The last decade has brought us substantial advances in computational imaging techniques for current and next-generation interferometric telescopes, such as the SKA. Imaging methods have exploited sparsity and the latest deep learning architectures with remarkable results. Despite good reconstruction quality, obtaining reliable uncertainty quantification (UQ) remains a common pitfall of most imaging methods. The problem of uncertainty quantification can be solved by reformulating the inverse problem in the Bayesian framework. The a posteriori probability density function provides a global understanding of uncertainties. However, calculating the posterior probability density function in high-dimensional environments is an extremely difficult task. Posterior probabilities are often calculated using sampling techniques, but these cannot yet be adapted to the high-dimensional parameters of radio imaging.

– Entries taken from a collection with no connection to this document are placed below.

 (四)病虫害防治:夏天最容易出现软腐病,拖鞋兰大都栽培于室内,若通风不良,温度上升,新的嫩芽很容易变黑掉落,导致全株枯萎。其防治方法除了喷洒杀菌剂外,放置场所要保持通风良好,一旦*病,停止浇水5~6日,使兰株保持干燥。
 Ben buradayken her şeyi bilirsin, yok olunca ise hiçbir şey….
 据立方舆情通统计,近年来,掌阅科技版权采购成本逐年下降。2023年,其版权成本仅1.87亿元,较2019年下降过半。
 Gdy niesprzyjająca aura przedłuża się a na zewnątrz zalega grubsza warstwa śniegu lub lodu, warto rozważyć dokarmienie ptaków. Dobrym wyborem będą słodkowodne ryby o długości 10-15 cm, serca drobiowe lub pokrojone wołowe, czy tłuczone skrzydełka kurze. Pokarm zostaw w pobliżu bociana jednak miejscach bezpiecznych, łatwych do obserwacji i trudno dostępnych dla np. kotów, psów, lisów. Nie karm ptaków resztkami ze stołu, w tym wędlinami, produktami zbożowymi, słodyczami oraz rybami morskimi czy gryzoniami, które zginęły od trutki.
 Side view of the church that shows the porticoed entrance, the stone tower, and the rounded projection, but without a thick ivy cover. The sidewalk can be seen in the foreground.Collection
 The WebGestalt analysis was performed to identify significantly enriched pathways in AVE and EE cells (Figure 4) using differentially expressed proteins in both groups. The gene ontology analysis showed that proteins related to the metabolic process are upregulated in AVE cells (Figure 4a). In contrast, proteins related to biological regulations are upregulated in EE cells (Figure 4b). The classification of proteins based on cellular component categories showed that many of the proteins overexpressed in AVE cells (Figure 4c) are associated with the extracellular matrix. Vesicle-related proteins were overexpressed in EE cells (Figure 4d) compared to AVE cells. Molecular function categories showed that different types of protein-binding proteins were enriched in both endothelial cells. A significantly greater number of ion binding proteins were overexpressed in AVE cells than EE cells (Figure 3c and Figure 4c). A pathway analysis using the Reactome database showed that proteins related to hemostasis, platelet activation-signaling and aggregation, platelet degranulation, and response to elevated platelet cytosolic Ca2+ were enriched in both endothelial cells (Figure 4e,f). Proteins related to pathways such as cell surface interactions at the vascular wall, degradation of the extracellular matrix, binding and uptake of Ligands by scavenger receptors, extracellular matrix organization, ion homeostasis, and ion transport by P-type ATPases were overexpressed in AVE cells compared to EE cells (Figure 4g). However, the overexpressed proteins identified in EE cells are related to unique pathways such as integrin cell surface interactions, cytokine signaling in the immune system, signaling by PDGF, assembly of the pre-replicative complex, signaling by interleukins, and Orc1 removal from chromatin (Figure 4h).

This work proposes a method to address uncertainty quantification in radio-interferometric imaging with data-driven (learned) priors for very high-dimensional settings. Our model uses an analytic physically motivated model for the likelihood and exploits a data-driven prior learned from data. The proposed prior can encode complex information learned implicitly from training data and improves results from handcrafted priors (e.g., wavelet-based sparsity-promoting priors). We exploit recent advances in neural-network-based convex regularisers for the prior that allow us to ensure the log-concavity of the posterior while still being expressive. We leverage probability concentration phenomena of log-concave posterior functions that let us obtain information about the posterior avoiding the use of sampling techniques. Our method only requires the maximum-a-posteriori (MAP) estimation and evaluations of the likelihood and prior potentials. We rely on convex optimisation methods to compute the MAP estimation, which are known to be much faster and better scale with dimension than sampling strategies. The proposed method allows us to compute local credible intervals, i.e., Bayesian error bars, and perform hypothesis testing of structure on the reconstructed image. We demonstrate our method by reconstructing simulated radio-interferometric images and carrying out fast and scalable uncertainty quantification.